- What is being asked
Among the lines below, keep only those from the one containing "The BK Resources UBB-18-IBCP30-10 Underbar" through the one containing "Description: A group", and reproduce them exactly.

- The data
========

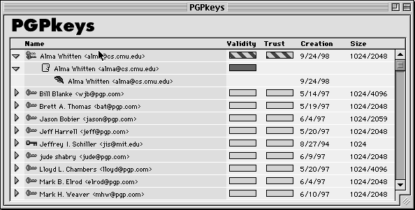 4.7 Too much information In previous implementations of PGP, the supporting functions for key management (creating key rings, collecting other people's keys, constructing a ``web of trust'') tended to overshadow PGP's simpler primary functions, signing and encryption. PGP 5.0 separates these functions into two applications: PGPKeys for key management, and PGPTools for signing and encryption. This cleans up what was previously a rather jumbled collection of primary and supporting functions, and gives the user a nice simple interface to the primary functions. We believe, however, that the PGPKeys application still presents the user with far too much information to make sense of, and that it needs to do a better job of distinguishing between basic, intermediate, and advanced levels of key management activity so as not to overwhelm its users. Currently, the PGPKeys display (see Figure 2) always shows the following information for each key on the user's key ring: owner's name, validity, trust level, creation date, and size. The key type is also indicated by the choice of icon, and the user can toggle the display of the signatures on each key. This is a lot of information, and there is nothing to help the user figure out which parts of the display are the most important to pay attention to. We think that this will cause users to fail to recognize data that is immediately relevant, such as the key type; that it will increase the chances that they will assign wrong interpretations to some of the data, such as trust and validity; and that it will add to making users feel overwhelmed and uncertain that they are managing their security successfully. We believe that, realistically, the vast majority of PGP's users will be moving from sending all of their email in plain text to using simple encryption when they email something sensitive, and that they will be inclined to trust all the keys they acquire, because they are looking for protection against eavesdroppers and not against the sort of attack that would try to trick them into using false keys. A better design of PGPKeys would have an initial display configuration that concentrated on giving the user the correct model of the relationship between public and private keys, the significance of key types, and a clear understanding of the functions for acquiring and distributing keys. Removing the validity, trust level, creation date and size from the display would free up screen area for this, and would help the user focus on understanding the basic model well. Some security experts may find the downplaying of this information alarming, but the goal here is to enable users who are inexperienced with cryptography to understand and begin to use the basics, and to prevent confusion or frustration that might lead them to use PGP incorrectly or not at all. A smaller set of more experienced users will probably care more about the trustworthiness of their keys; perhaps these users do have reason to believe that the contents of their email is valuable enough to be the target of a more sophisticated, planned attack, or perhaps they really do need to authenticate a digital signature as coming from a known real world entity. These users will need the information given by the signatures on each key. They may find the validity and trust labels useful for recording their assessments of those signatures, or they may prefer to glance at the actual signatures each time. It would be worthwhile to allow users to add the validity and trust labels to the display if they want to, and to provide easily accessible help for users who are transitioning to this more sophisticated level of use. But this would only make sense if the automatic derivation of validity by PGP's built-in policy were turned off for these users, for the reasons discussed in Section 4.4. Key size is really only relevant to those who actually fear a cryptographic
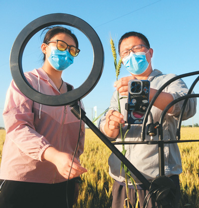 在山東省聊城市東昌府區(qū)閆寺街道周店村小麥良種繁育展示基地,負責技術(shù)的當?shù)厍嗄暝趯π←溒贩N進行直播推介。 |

========

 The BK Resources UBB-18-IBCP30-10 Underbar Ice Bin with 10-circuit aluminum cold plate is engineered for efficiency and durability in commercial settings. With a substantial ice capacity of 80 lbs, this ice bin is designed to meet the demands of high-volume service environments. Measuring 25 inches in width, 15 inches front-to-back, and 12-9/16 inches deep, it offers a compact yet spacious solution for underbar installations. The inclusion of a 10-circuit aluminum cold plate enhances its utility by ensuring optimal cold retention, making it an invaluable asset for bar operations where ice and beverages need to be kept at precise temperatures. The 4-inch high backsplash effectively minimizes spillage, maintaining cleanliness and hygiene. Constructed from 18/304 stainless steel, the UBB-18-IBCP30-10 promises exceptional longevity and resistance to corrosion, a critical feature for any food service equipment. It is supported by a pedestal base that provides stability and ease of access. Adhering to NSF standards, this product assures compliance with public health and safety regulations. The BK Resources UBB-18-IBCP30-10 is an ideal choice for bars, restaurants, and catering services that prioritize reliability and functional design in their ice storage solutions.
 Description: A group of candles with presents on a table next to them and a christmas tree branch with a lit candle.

========

- Answer to the exercise
 The BK Resources UBB-18-IBCP30-10 Underbar Ice Bin with 10-circuit aluminum cold plate is engineered for efficiency and durability in commercial settings. With a substantial ice capacity of 80 lbs, this ice bin is designed to meet the demands of high-volume service environments. Measuring 25 inches in width, 15 inches front-to-back, and 12-9/16 inches deep, it offers a compact yet spacious solution for underbar installations. The inclusion of a 10-circuit aluminum cold plate enhances its utility by ensuring optimal cold retention, making it an invaluable asset for bar operations where ice and beverages need to be kept at precise temperatures. The 4-inch high backsplash effectively minimizes spillage, maintaining cleanliness and hygiene. Constructed from 18/304 stainless steel, the UBB-18-IBCP30-10 promises exceptional longevity and resistance to corrosion, a critical feature for any food service equipment. It is supported by a pedestal base that provides stability and ease of access. Adhering to NSF standards, this product assures compliance with public health and safety regulations. The BK Resources UBB-18-IBCP30-10 is an ideal choice for bars, restaurants, and catering services that prioritize reliability and functional design in their ice storage solutions.
 Description: A group of candles with presents on a table next to them and a christmas tree branch with a lit candle.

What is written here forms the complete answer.